You are in a unique position to advise your clients in financial matters. If you know that a client is on the path toward foreclosure, take the time to show them how it can be avoided. First, remind them of some of the hidden difficulties that will arise if foreclosure occurs.

Finding a new home. Don’t let your clients believe that it will be better to let the foreclosure happen, because after they lose their home, they will still need to find a new place to live. All too often, the price they will need to pay in rent will be almost as high if not higher than their current mortgage payment. Remember: The owner of the property needs to make his mortgage payment, too, so he’s going to charge a rental payment that’s higher than his mortgage costs.

Deficiency judgment. It’s not uncommon that the sale of the home is insufficient to cover the remainder of the mortgage.
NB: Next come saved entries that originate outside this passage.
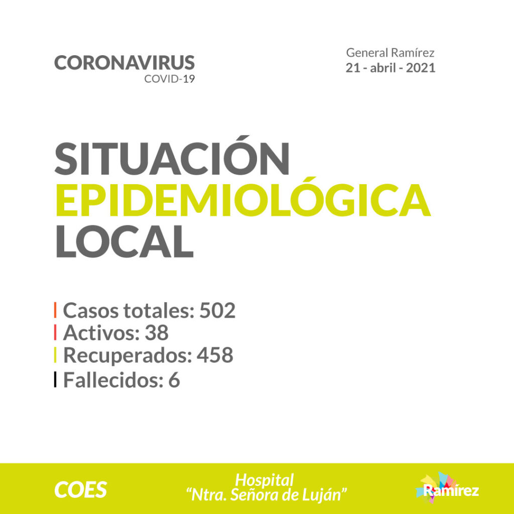 Según datos proporcionados por el sistema de salud a través del Hospital, Nuestra Señora de Luján, en Ramírez se han sumado 34 casos de Covid-19 y hubo 16 altas desde el anterior informe.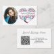 Ce design carte de visite est doté d'un espace réservé photo avec le nom et l'occupation du modèle. Un arbre coloré en forme de coeur partage l'avant. Le verso comprend des champs de texte pour le nom commercial, les détails et le code qr. Remplacez la photo de l'espace réservé par votre photo au format vertical à l'avant et ajoutez votre lien de code QR. Remplissez les champs de personnalisation ou utilisez l'outil Modifier la conception pour sélectionner un style de police, une taille et une couleur que vous souhaitez. La photo de l'espace réservé est gracieusement fournie par pixabay.com.
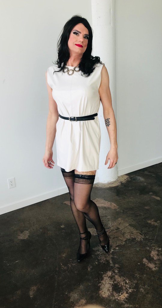 Most of what I wore for my last shoot, as I mentioned, was for En Femme. Two of their dresses stood out to me for different reasons. One had sleeves that were long enough for my arms. The other had a high neckline that was high enough to go over my Adam’s apple. I appreciated these considerations.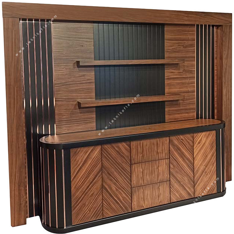 Orden Ceviz Makam Arka Fonu, makam odasında masa arkasındaki duvar boşluğunu değerlendirerek ofise derinlik ve estetik kazandırır. Ceviz kaplama ve geometrik tasarım çizgisi ile panel, ofis dekorasyonuna sofistike ve dengeli bir arka plan sağlar. Panel, masa ve dolap ile birlikte kullanıldığında, oda genelinde güçlü bir uyum ve prestijli bir atmosfer yaratır. Ürün içersinde konsol dahil değildir.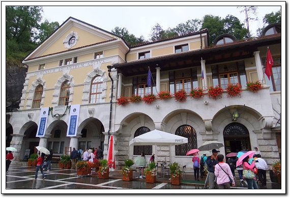 建築的左方(懸藍白長條旗幟處)是通往波斯多茵娜溶洞正式入口,右方有紅花的部分是餐廳。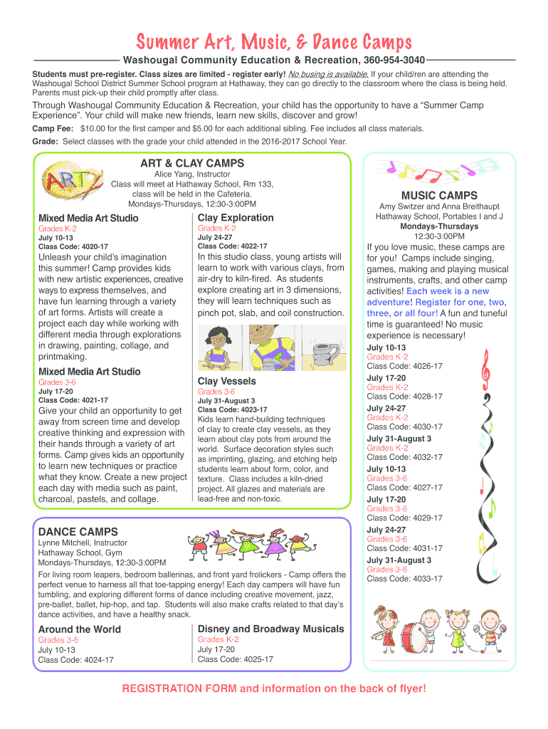 Summer Art, Music, & Dance CampsWashougal Community Education & Recreation, 3609543040Students must preregister. Class sizes are limited register early! No busing is available. If your child/men are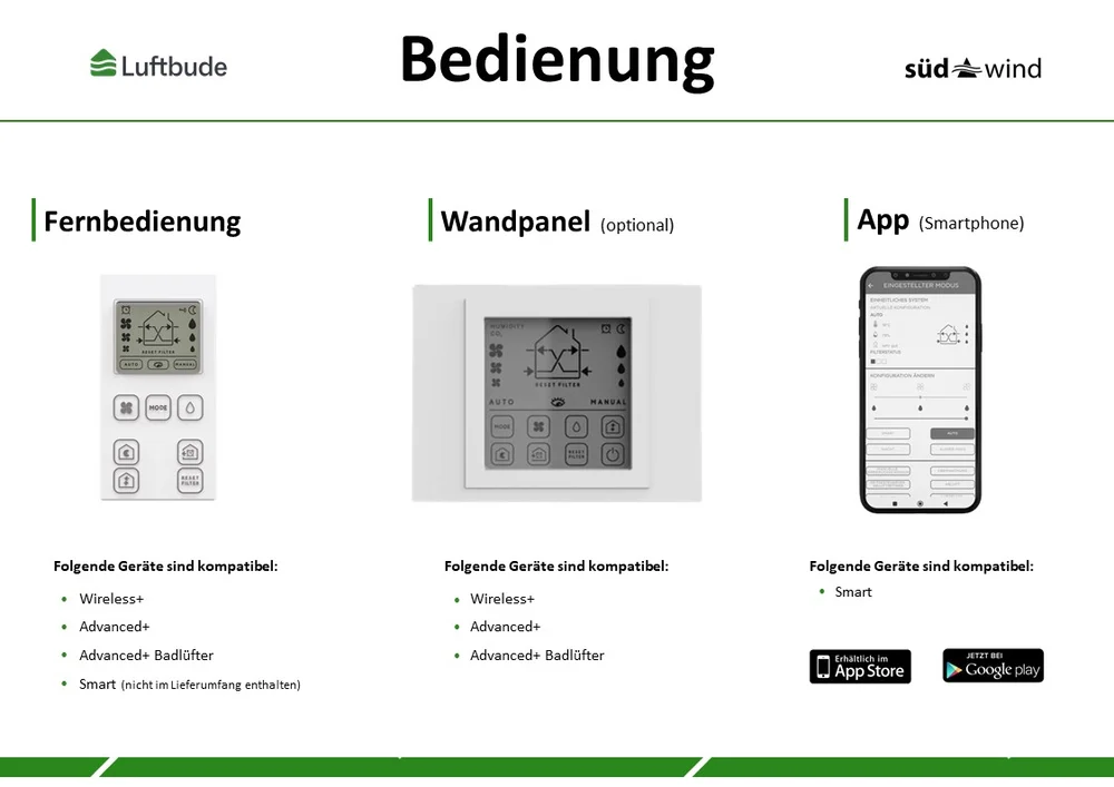Südwind Fernbedienung SW10030 - Optimale Steuerung für Ambientika GeräteErleben Sie mühelose Kontrolle über Ihre Lüftungsgeräte mit der Südwind SW10030 Fernbedienung – für Komfort und Effizienz im Smart Home.Die Südwind Fernbedienung SW10030 ist die ideale Ersatz- oder Ergänzungssteuerung für Ihre Ambientika Lüftungsgeräte. Als universelles Komplettset bietet sie eine intuitive Bedienung und wird inklusive praktischer Wandhalterung geliefert. Perfekt, um die Kontrolle über Ihr Raumklima zu zentralisieren und sogar in Ihr Smart Home System wie Home Assistant zu integrieren.Ihre Vorteile im Überblick:Universelle Kompatibilität: Passt zu allen Ambientika Geräten von Südwind und vielen spezifischen Modellen.Einfache Installation: Kommt als Komplettset mit praktischer Wandhalterung (ausgenommen SOLO+ und SMART).Hohe Sicherheit: Der integrierte Mieterschutz verhindert ungewollte Änderungen der Einstellungen.Smart Home Ready: Problemlos in Systeme wie Home Assistant integrierbar für erweiterte Automatisierung.Langlebigkeit: Eine zuverlässige Ersatzfernbedienung für dauerhaften Komfort.Universelle SteuerungDiese Fernbedienung ist speziell für alle Ambientika Lüftungsgeräte von Südwind entwickelt und gewährleistet eine breite Kompatibilität. Sie ersetzt verlorene oder defekte Fernbedienungen nahtlos und ist auch als zusätzliche Steuereinheit nutzbar.Sie profitieren von einer unkomplizierten Bedienung und der Gewissheit, dass Ihre Lüftungsanlage immer optimal gesteuert werden kann, ohne Kompatibilitätsprobleme.Mieterschutz-FunktionEin einzigartiges Merkmal ist der aktivierbare Mieterschutz, der durch fünfmaliges Drücken der Aus-Taste aktiviert oder deaktiviert wird. Dies verhindert, dass unbefugte Nutzer oder Mieter Einstellungen ungewollt verändern.Bietet Ihnen die volle Kontrolle über die Geräteeinstellungen und schützt vor unerwünschten Anpassungen, ideal für Mietobjekte oder öffentliche Bereiche.Smart Home IntegrationDie Fernbedienung lässt sich in führende Smart Home Systeme wie Home Assistant integrieren, was eine zentrale Steuerung und Automatisierung ermöglicht.Erhöhen Sie Ihren Wohnkomfort durch die Vernetzung Ihrer Lüftungsanlage mit anderen smarten Geräten und automatisieren Sie Abläufe für ein optimales Raumklima.Technische SpezifikationenParameterWertHinweisModellnummerSW10030Universelle FernbedienungKompatible ModelleADVANCED B+, ADVANCED+, WIRELESS+, SMART, OFFICE, alle Ambientika GeräteBreite KompatibilitätEinsatzbereiche & AnwendungsszenarienDie Südwind Fernbedienung SW10030 ist ideal als direkter Ersatz für eine verlorene oder defekte Originalfernbedienung Ihrer Ambientika Lüftungsanlage. Sie eignet sich hervorragend zur zentralen Steuerung mehrerer Lüftungsgeräte in Wohn- und Büroräumen. Durch die Smart Home Integration ist sie auch perfekt für Nutzer, die ihre Haustechnik intelligent vernetzen und automatisieren möchten.Hersteller & QualitätSüdwind steht für Qualität und Zuverlässigkeit im Bereich der Lüftungstechnik. Diese Fernbedienung ist ein Originalzubehör des Herstellers, das die hohen Standards der Ambientika Geräte optimal ergänzt und eine langfristige, störungsfreie Funktion gewährleistet.Optimieren Sie jetzt die Steuerung Ihrer Ambientika Lüftung mit der originalen Südwind Fernbedienung SW10030!Profitieren Sie von einfachem Komfort und voller Kontrolle über Ihr Raumklima. Bei Fragen stehen wir Ihnen gerne beratend zur Seite.
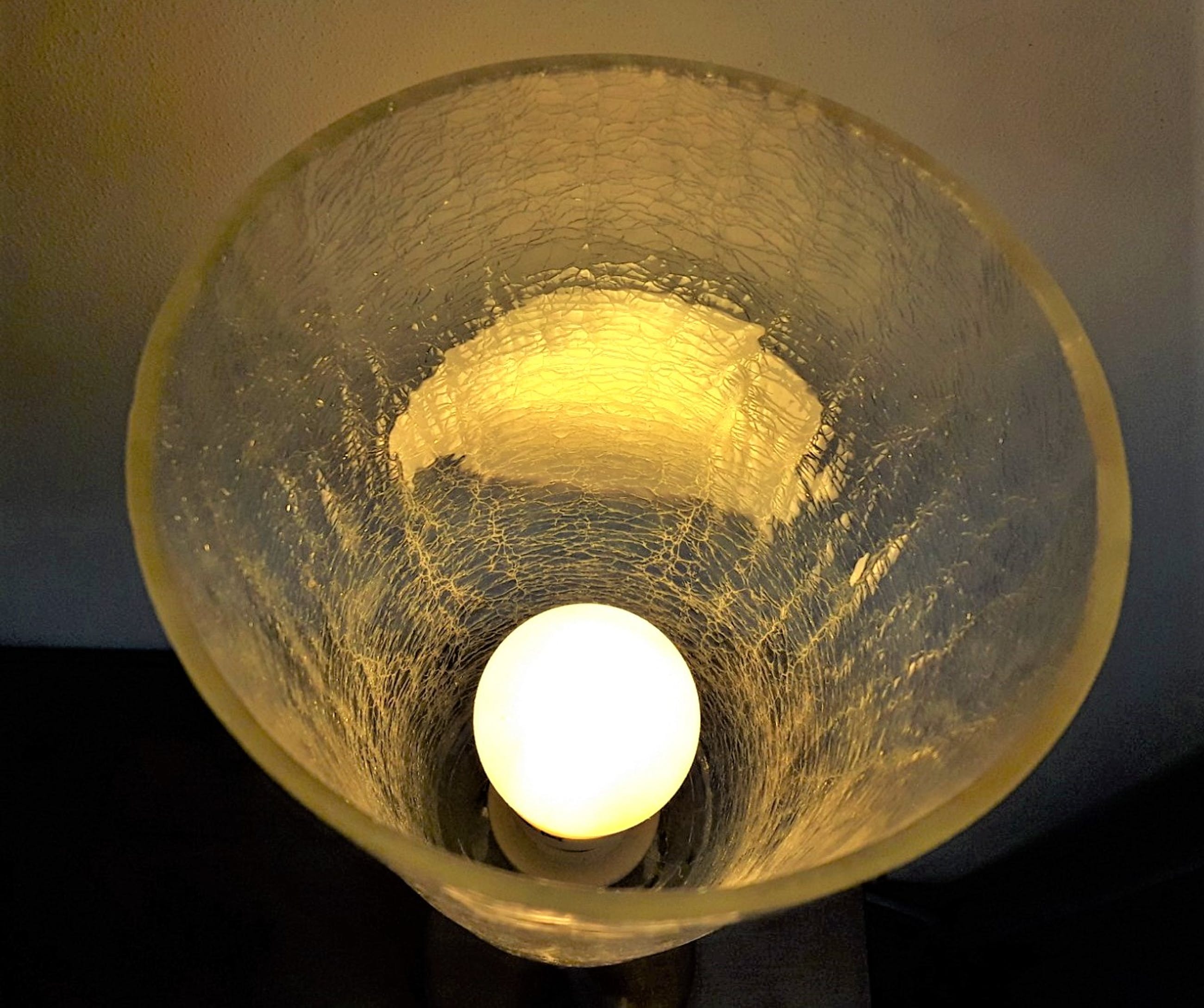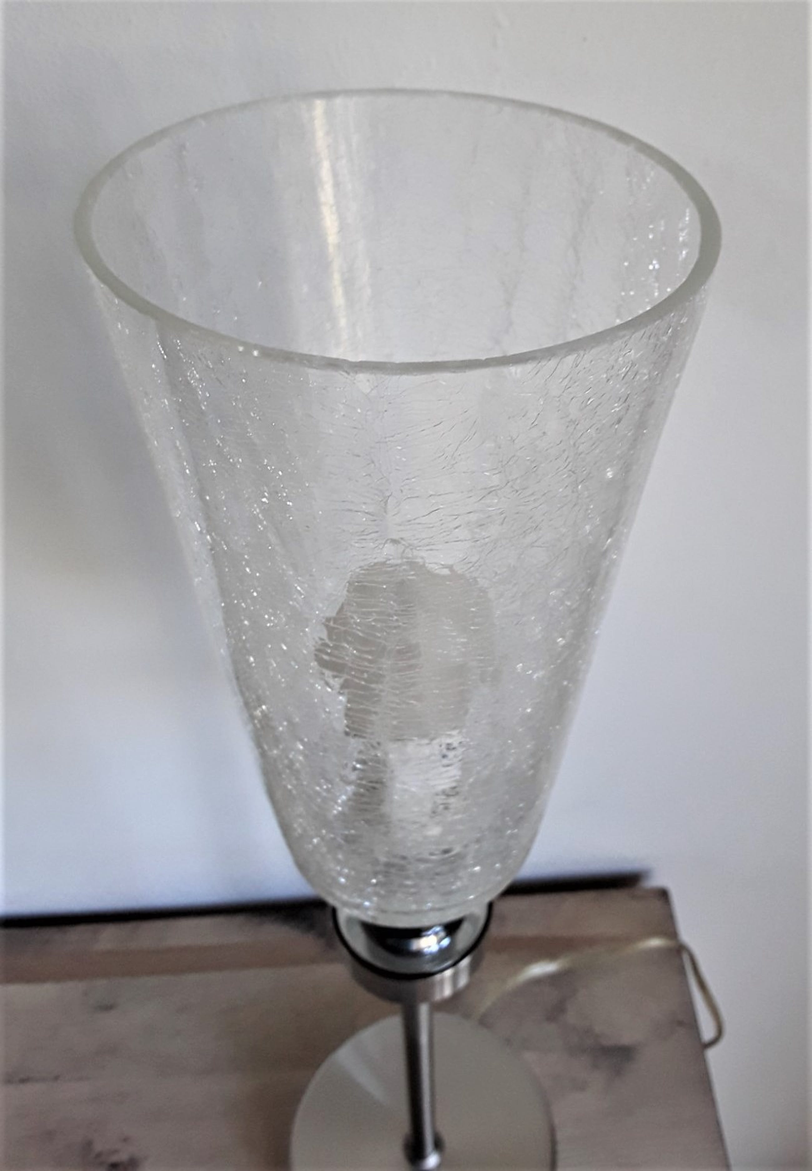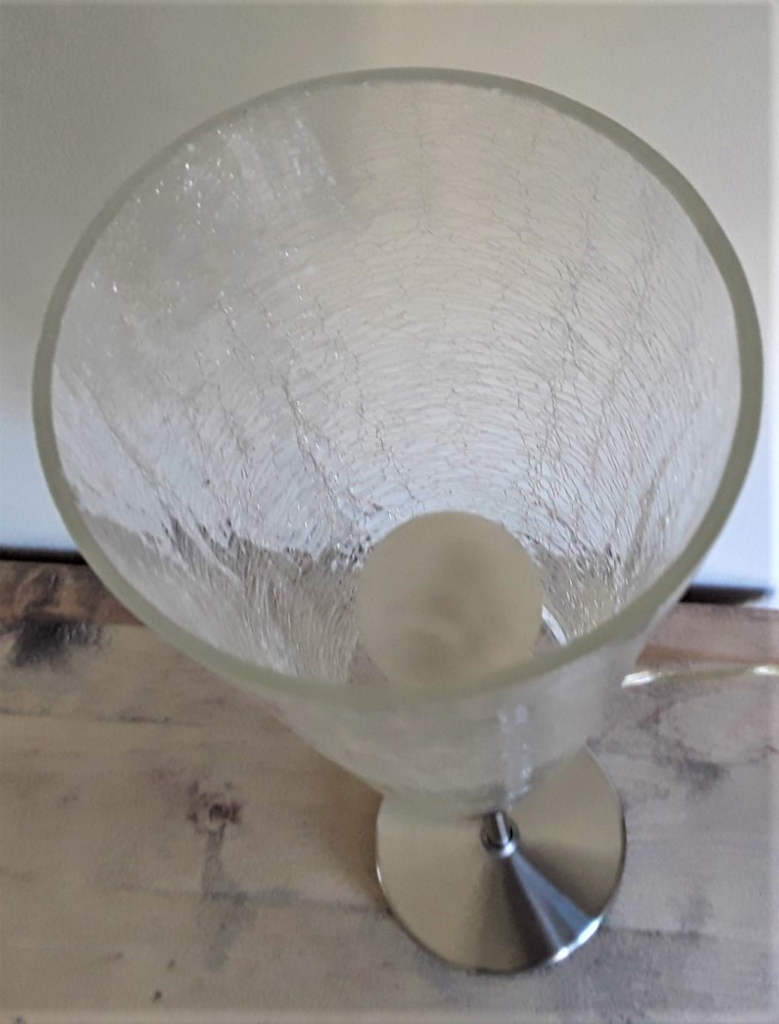 Materiaal: Verchroomd staal i.c.m. de bewerkte "creaked" glazen kap.

When the property has been damaged, or market values have dropped, the owner may end up with a bill in the tens of thousands for the difference.

Despite what many people think, most lending institutions are not anxious to foreclose. It’s a last-ditch effort to recover their money and minimize their losses, and it’s an incredible hassle. Most lenders would rather avoid it, if possible. There are multiple sources for help that your client should be aware of, and most lenders will be happy to hear that their clients are going to try to keep their home rather than just await a foreclosure.

Housing Counseling Agency. The US Department of Housing and Urban Development maintains a list of HUD-approved counseling agencies. Have your client call (800) 569-4287 to find the agency nearest them

FHA-Insurance fund. FHA borrowers may qualify to have HUD make a one-time payment to bring their mortgage current. See www.hud.gov/foreclosure for more information on the requirements to qualify.

Different mortgage program. Have them talk to a loan officer about the possibility of refinancing their mortgage to a more affordable program.

Special Forbearance. Many borrowers can qualify for a new payment structure if they’ve had an increase in their cost-of-living, such as unexpected medical expenses, or a decrease in wages. This payment structure will allow the owner to repay the lender in a given time frame.